## AVAILABLE DATA

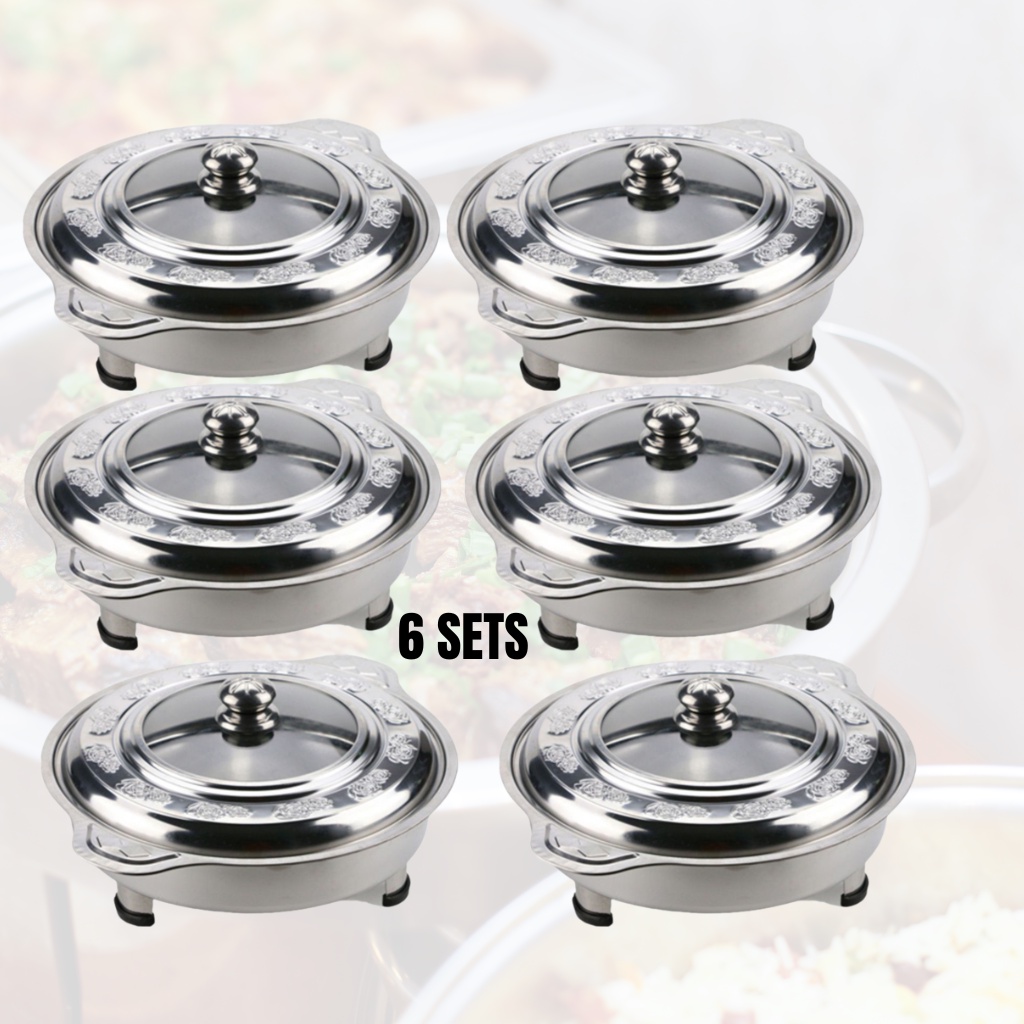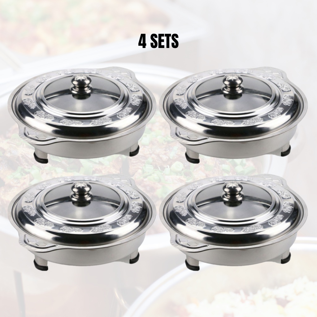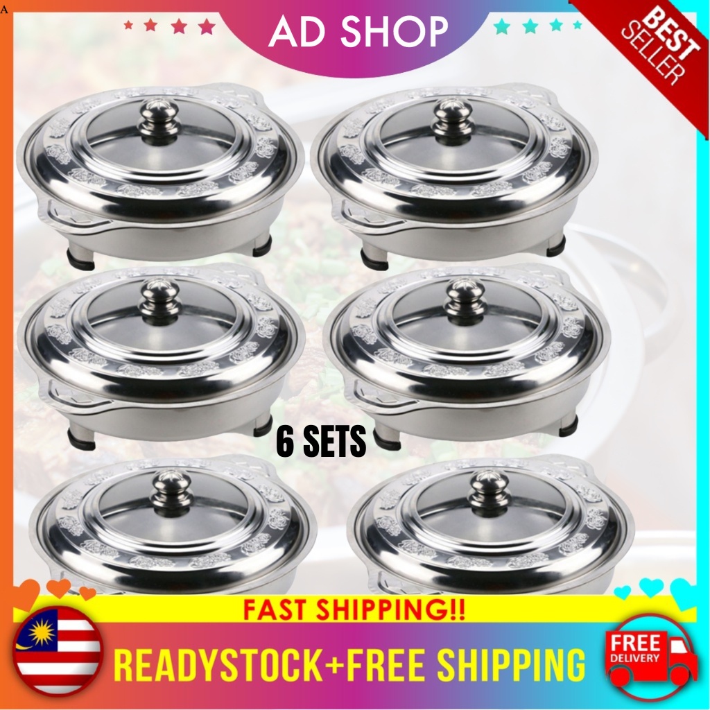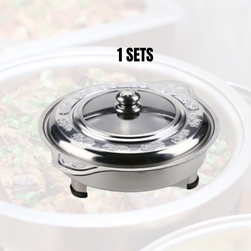 [AD SHOP] 31cm Round Embossed Glass Stainless Steel Buffet Set Catering Serving Tray Food Pan Bekas Katering Serbaguna
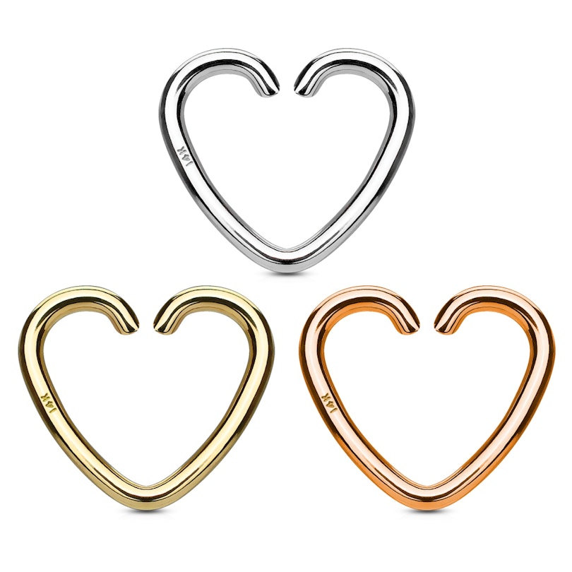 Hjertet kan købes i flere forskellige varianter, hvor du selv vælger hvilken type guld smykket skal have samt hvilken tykkelse der passer din piercing bedst. De indvendige mål på dette hjerte er 10 mm i bredden og 9 mm i højden. Alle varianter har samme mål lige bortset fra trådtykkelsen. Smykket gør sig derfor rigtig godt i de fleste ørepiercinger. Her kan f.eks. nævnes tragus, helix og daith som dette smykke egner sig bedst til.
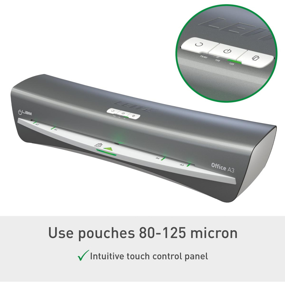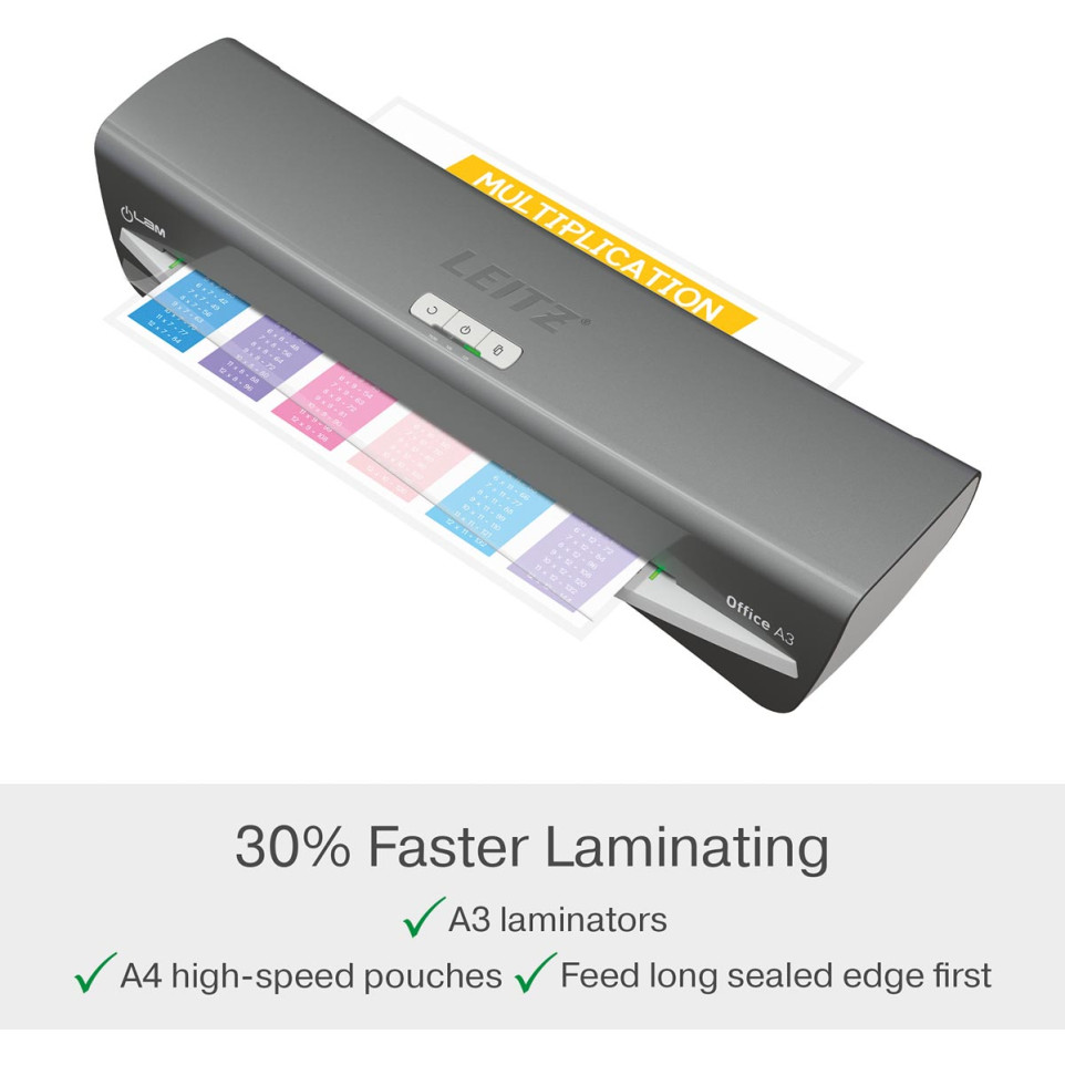 The Leitz iLAM Office A3 laminating machine is designed for quick and reliable lamination of documents up to A3 size, ideal for office environments needing frequent document protection and presentation.
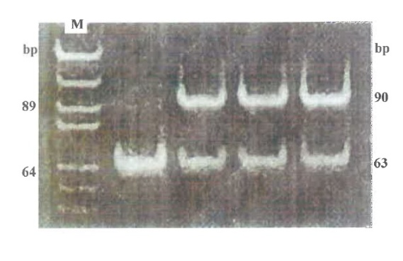 Fig. 1: Restriction fragment length polymorphism (RFLP) detecting ARNT polymorphism and PCR bands

## ACTIVITY
Range to print from the listing above: from the line with "Hjertet kan købes" up to and including the line with "The Leitz iLAM". Please print those lines exactly, with no pictures and nothing more.

## RESPONSE TO THE TASK
 Hjertet kan købes i flere forskellige varianter, hvor du selv vælger hvilken type guld smykket skal have samt hvilken tykkelse der passer din piercing bedst. De indvendige mål på dette hjerte er 10 mm i bredden og 9 mm i højden. Alle varianter har samme mål lige bortset fra trådtykkelsen. Smykket gør sig derfor rigtig godt i de fleste ørepiercinger. Her kan f.eks. nævnes tragus, helix og daith som dette smykke egner sig bedst til.
 The Leitz iLAM Office A3 laminating machine is designed for quick and reliable lamination of documents up to A3 size, ideal for office environments needing frequent document protection and presentation.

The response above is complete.